今は便利な世の中になってきたので「ググる」ということを知っていれば大抵のことはなんとかなりますが、なんていうキーワードでググればいいかとか書いておくつもりです。

あとは相続税などの詳細は税理士に聞くようにしてもらうことも書いておく必要がありますね。

不動産とかなら誰かしら人が間に入ってくるので相続税が発生する話とかも耳にすると思いますが、ビットコインの換金の過程では人が間に入らないので、税金を収めること忘れていた・知らなかったで知らないうちに脱税をさせてしまう可能性もあります。
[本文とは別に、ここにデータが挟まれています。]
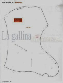 Coser las alas, darles la vuelta y colocarlas en los lugares indicados por las marcas correspondientes. Unir la pieza de la cola al cuerpo en ambos lados y seguir la costura de la parte posterior de la gallina. Unir a continuación la pieza de base al cuerpo después de haber unido las patas pero dejando una abertura. Dar la vuelta y rellenar de algodón, cerrando posteriormente dicha abertura a punto colchonero.
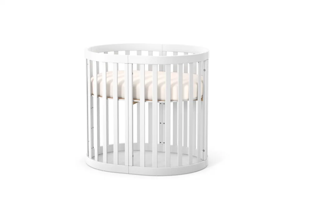 Patut oval pentru copii 90×70 cm LD14 Alb din lemn masiv de fag, 0-12 luni, saltea inclusa, cu posibilitate de extensie, inaltimea saltelei reglabila
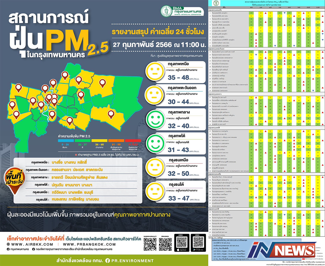กรุงเทพฯ-ศูนย์ข้อมูลคุณภาพอากาศกรุงเทพมหานครสรุปผลการตรวจวัด PM2.5 วันที่ 27 ก.พ. 2566 เวลา 05.00-07.00 น. และ เวลา...
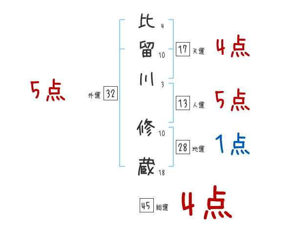 比留川修蔵さんの画数の鑑定結果
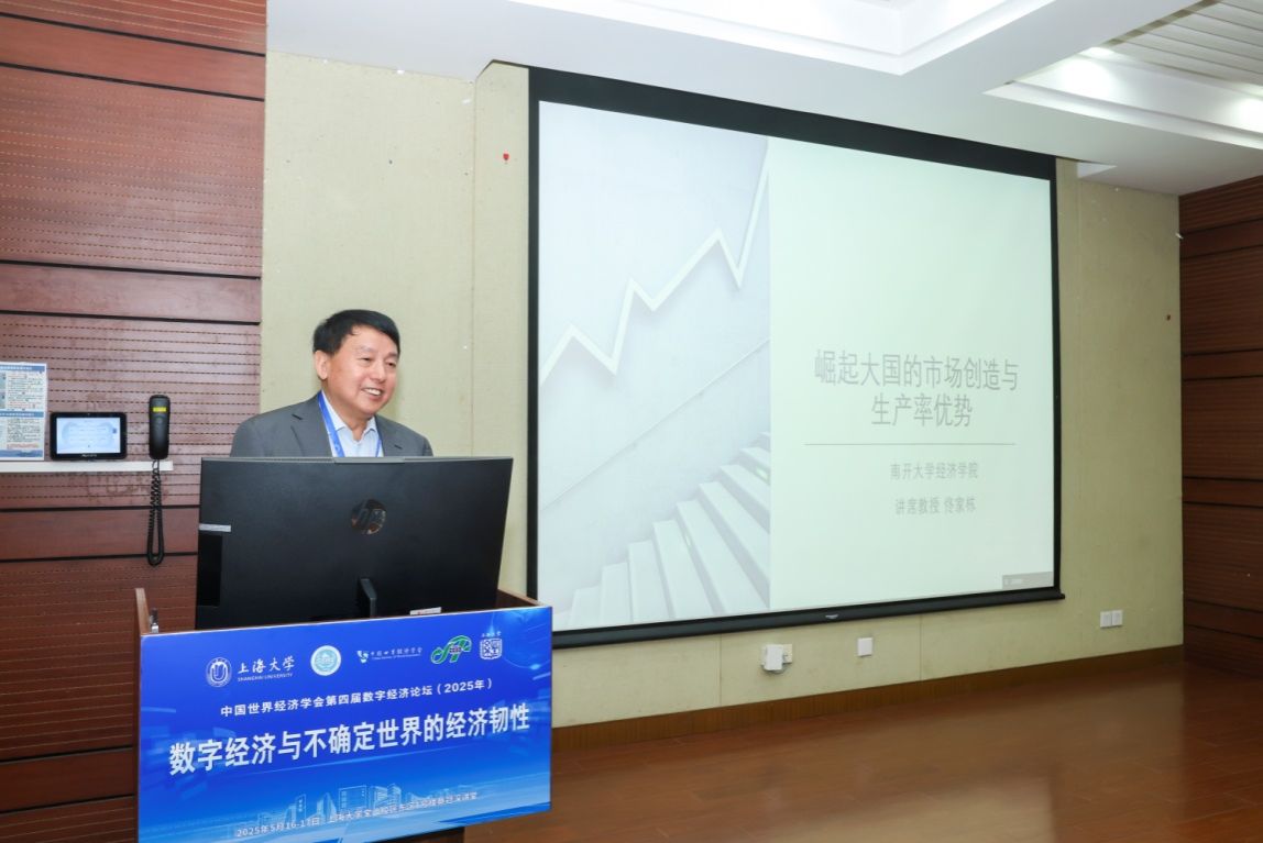 5月17日,中国世界经济学会第四届数字经济论坛在Beat365唯一官方网站举行。本届论坛由中国世界经济学会、Beat365唯一官方网站、上海市世界经济学会和上海市国际贸易学会联合主办,Beat365唯一官方网站经济学院、上海市世界经济学会新兴经济体专委会和Beat365唯一官方网站“一带一路”国际商业研究院联合承办。来自中国社会科学院、南开大学、山东理工大学等多所高校及研究机构的专家学者,围绕数字经济领域的前沿议题展开多维度、深层次研讨。
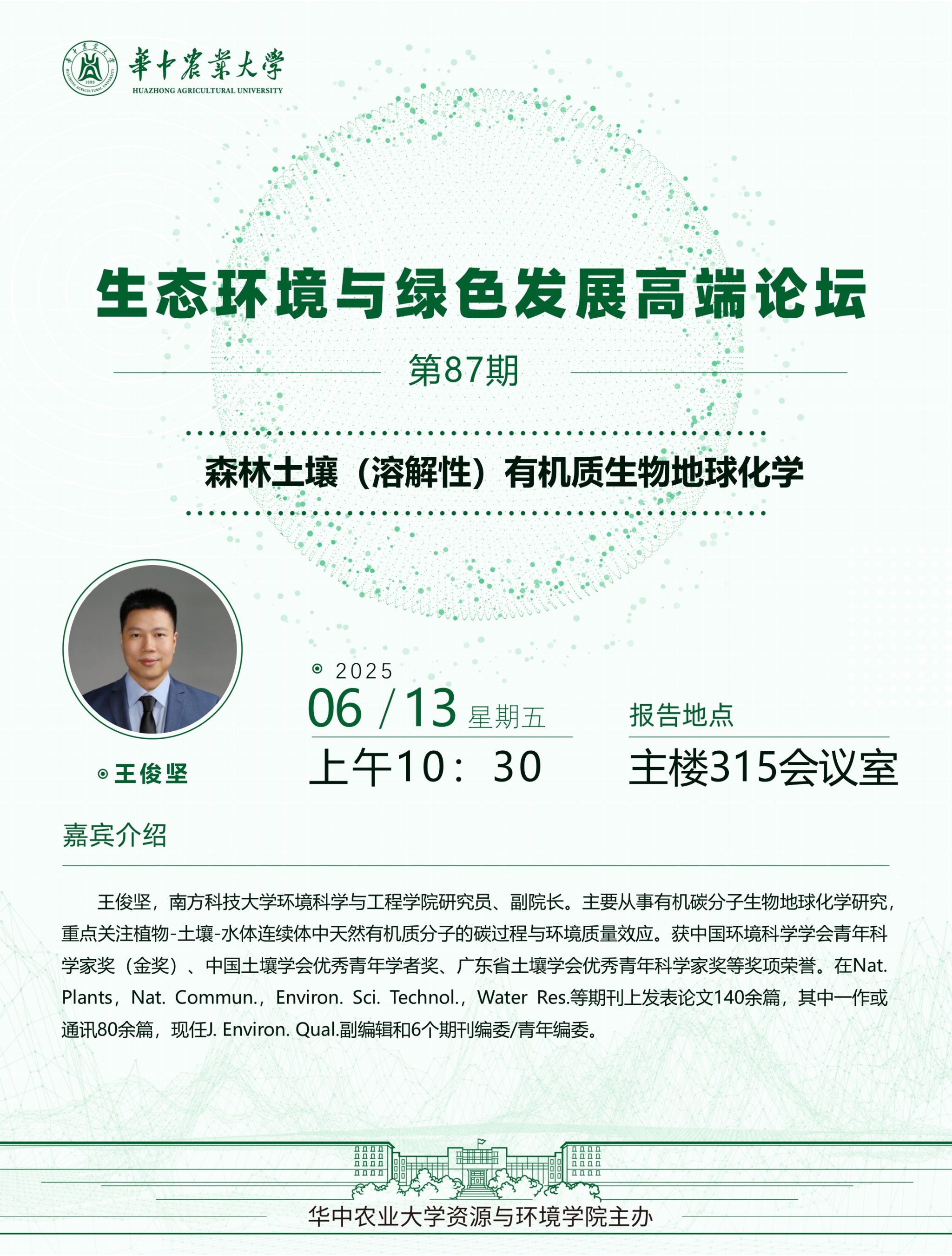 【高端论坛】第87期:森林土壤(溶解性)有机质生物地球化学
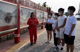 圖為營二井講解員為實踐團講解翻書型日歷雕塑 中國青年網通訊員 李明澤 攝
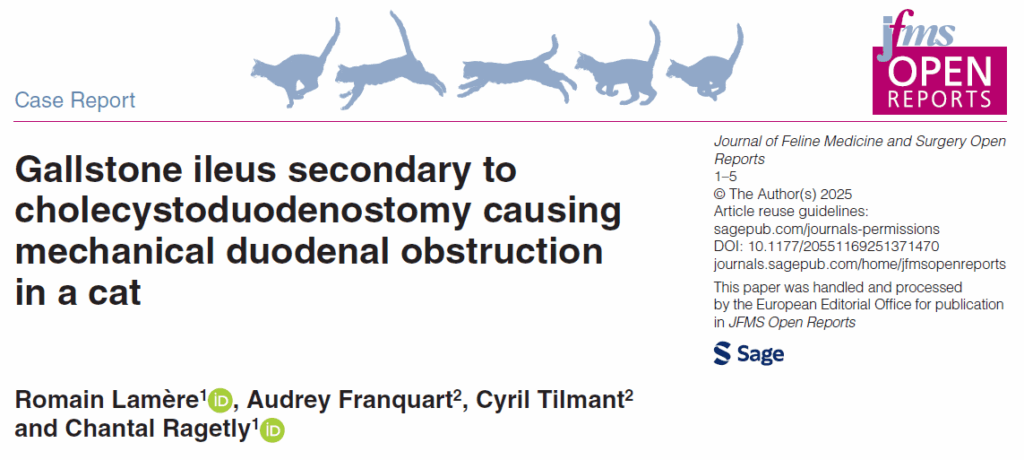 文献来源:Lamère R, Franquart A, Tilmant C, Ragetly C. Gallstone ileus secondary to cholecystoduodenostomy causing mechanical duodenal obstruction in a cat. JFMS Open Rep. 2025 Oct 8;11(2):20551169251371470.
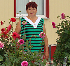 Супруг Анатолий Алексеевич привозит землю, закупает саженцы груши, абрикосов, слив, винограда. А я их высаживаю в саду. Иногда помогают внуки. Чтобы всё успеть, встаю в 6 часов утра. Какие-то цветы сею, другие выращиваю рассадой. В этом году решила перейти на многолетние и кустовые цветы: уже прижились кизил, китайские розы, пионы. Всё моё садовое хозяйство требует хорошего полива и ухода. Как только расцветает первый цветок, я ему говорю: «Родненький ты мой, как тебе я рада».
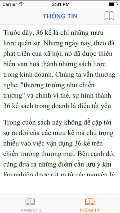 Trong cuốn sách này không đề cập tới sự ra đời của các mưu kế mà chú trọng nhiều vào việc vận dụng 36 kế trên chiến trường thương mại. Bên cạnh đó, cũng đưa ra những điểm cần lưu ý khi lập nghiệp được rút ra từ các nguyên lý kinh tế cơ bản vì ngày nay có rất nhiều bạn trẻ muốn gây dựng sự nghiệp và danh tiếng cho riêng mình. Và để làm được mong ước ấy, để với tới đựơc chiếc mũ thành công, bạn cần phải biết tận dụng nguồn tài nguyên có trong tay.
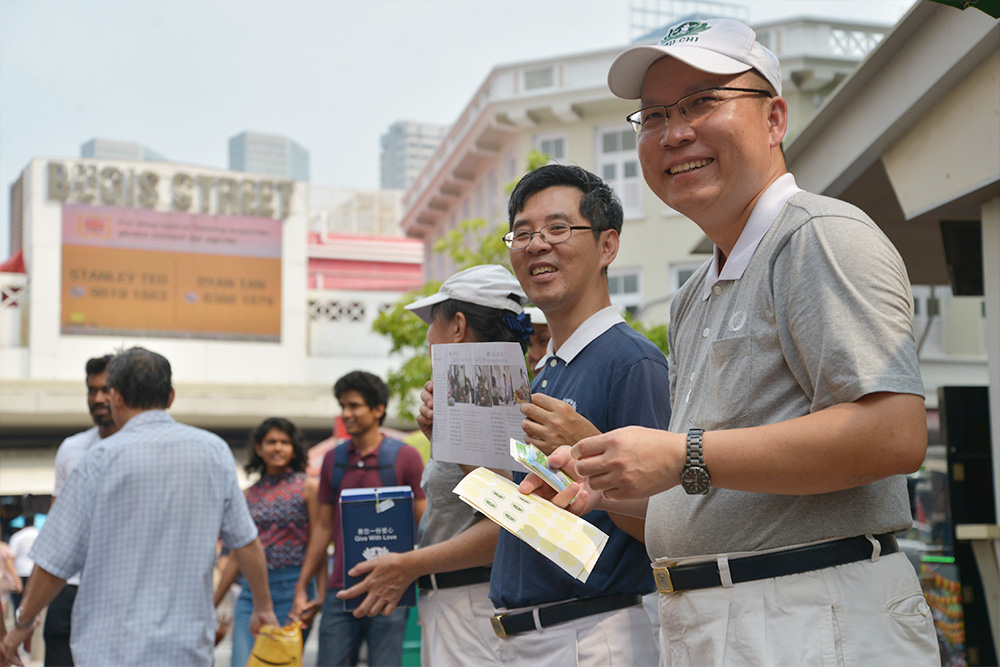 In 2019, Tan Ching Swee (second from right) participated in the Tzu Chi Island-wide Flag Day. He believed that the key to fundraising lies in inspiring kindness in people. (Photo by Pua Poo Toong)
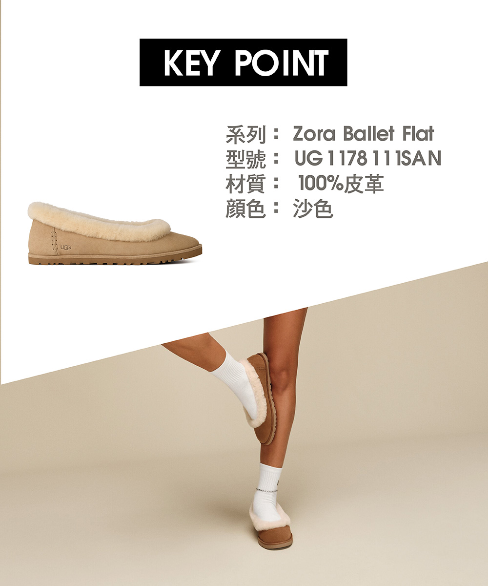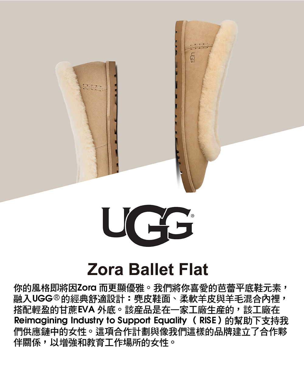 你的風格即將因 Zora 而更顯優雅。我們將你喜愛的芭蕾平底鞋元素,融入 UGG® 的經典舒適設計:麂皮鞋面、柔軟羊皮與羊毛混合內裡,搭配輕盈的甘蔗 EVA 外底。該產品是在一家工廠生產的,該工廠在 Reimagining Industry to Support Equality (RISE) 的幫助下支持我們供應鏈中的女性。這項合作計劃與像我們這樣的品牌建立了合作夥伴關係,以增強和教育工作場所的女性。
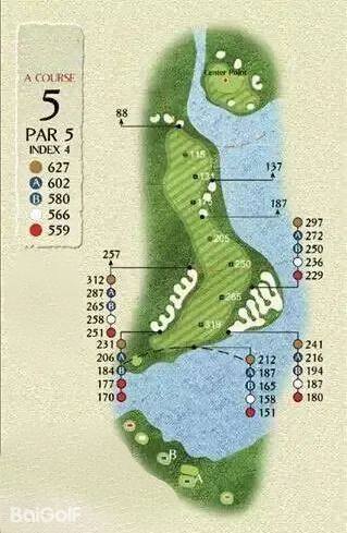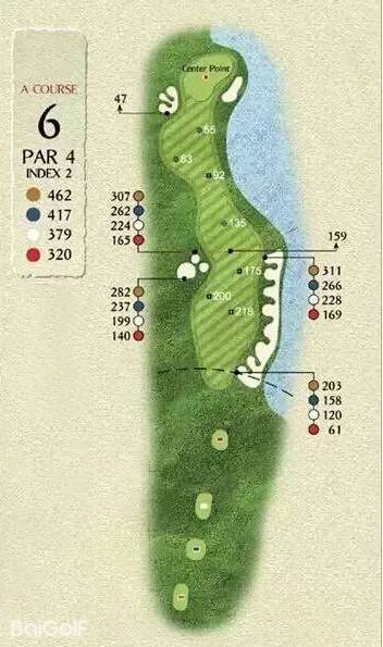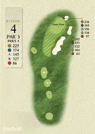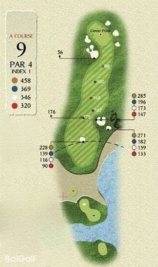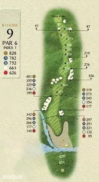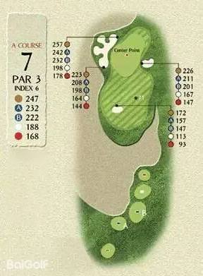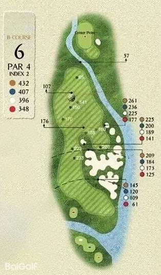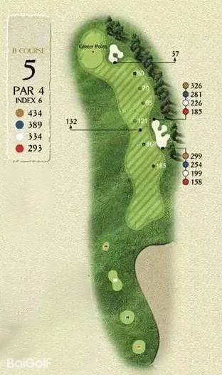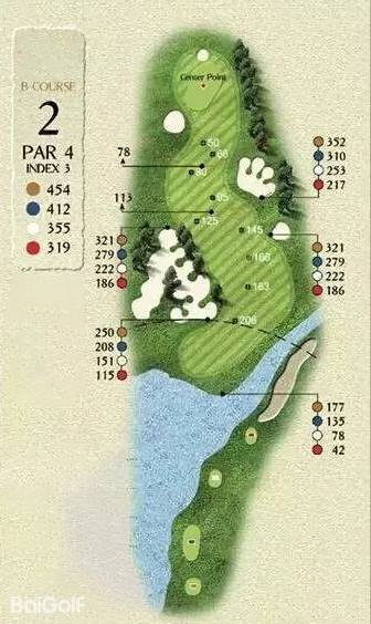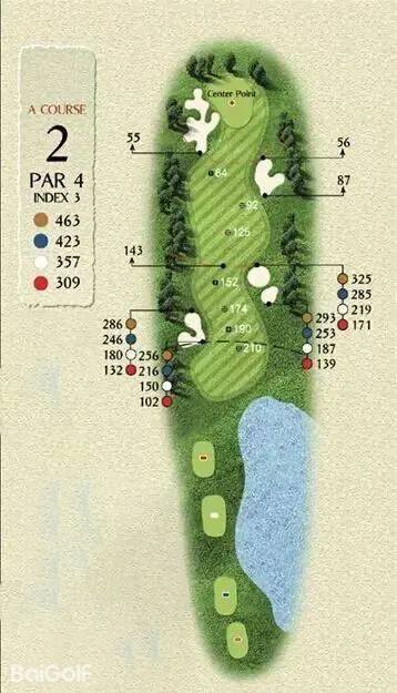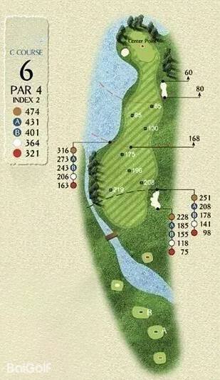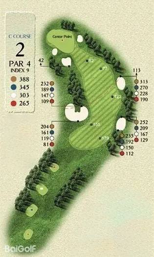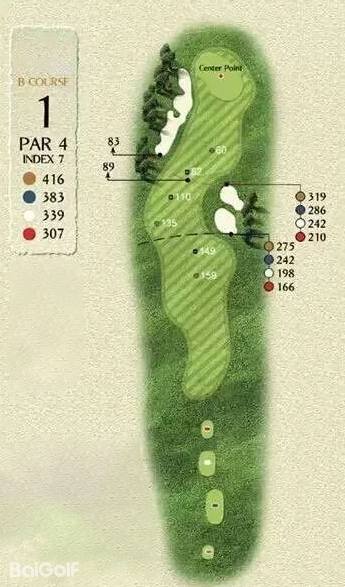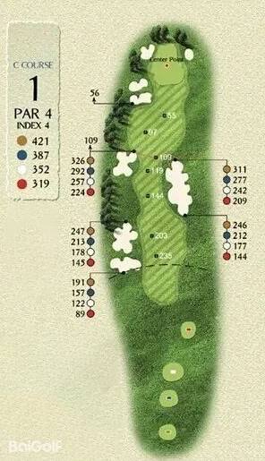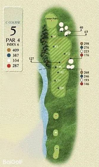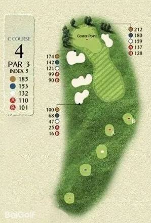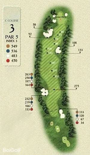C场:山景, 3599码,标準杆36杆。 B场9号洞为全国唯一的一个6杆洞、金T全长828码。A场4号洞拥有全国最大的果岭:面积达1100平方米,最大、最长的发球台:面积达150平方米、长度达160码。

そして手順を書き残して金庫に入れておいて終わりではなく、記しておいた手順が最新の内容と合っているかどうか日々チェック・アップデートが必要となり、このメンテナンスもかなり面倒くさそうです。

 

まとめ

長文になりましたが、ビットコインの相続問題について考えたことをまとめてみました。
相続ができないだけではなく、受け取れていないビットコインに対して相続税がかかるかもしれない現状なのでちゃんと考えておく必要があります。

ただ相続の方法はビットコイン関連の開発が進むことでもっと楽になるんじゃないかと期待はしています。

もっと世界的に普及が進めばビットコイン富豪の相続問題が話題になると思いますし、法整備も進んでいくはずです(規制ばかりの日本はどうかわかりませんが…)

最後にこの記事を書いたのは技術的なことは全く分からない、普段取引所でビットコインを買ってガチホしているだけの素人なので、私の知らない相続方法があるかもしれませんし、もっとスマートな秘密鍵の隠し方があるかもしれません。

相続を意識して秘密鍵のありかを家族に伝えた結果、家族にビットコインを奪われて夜逃げされた…!なんてことにならないように、緻密に検討を重ねた上で秘密鍵の取り扱いを決定するようにしましょう。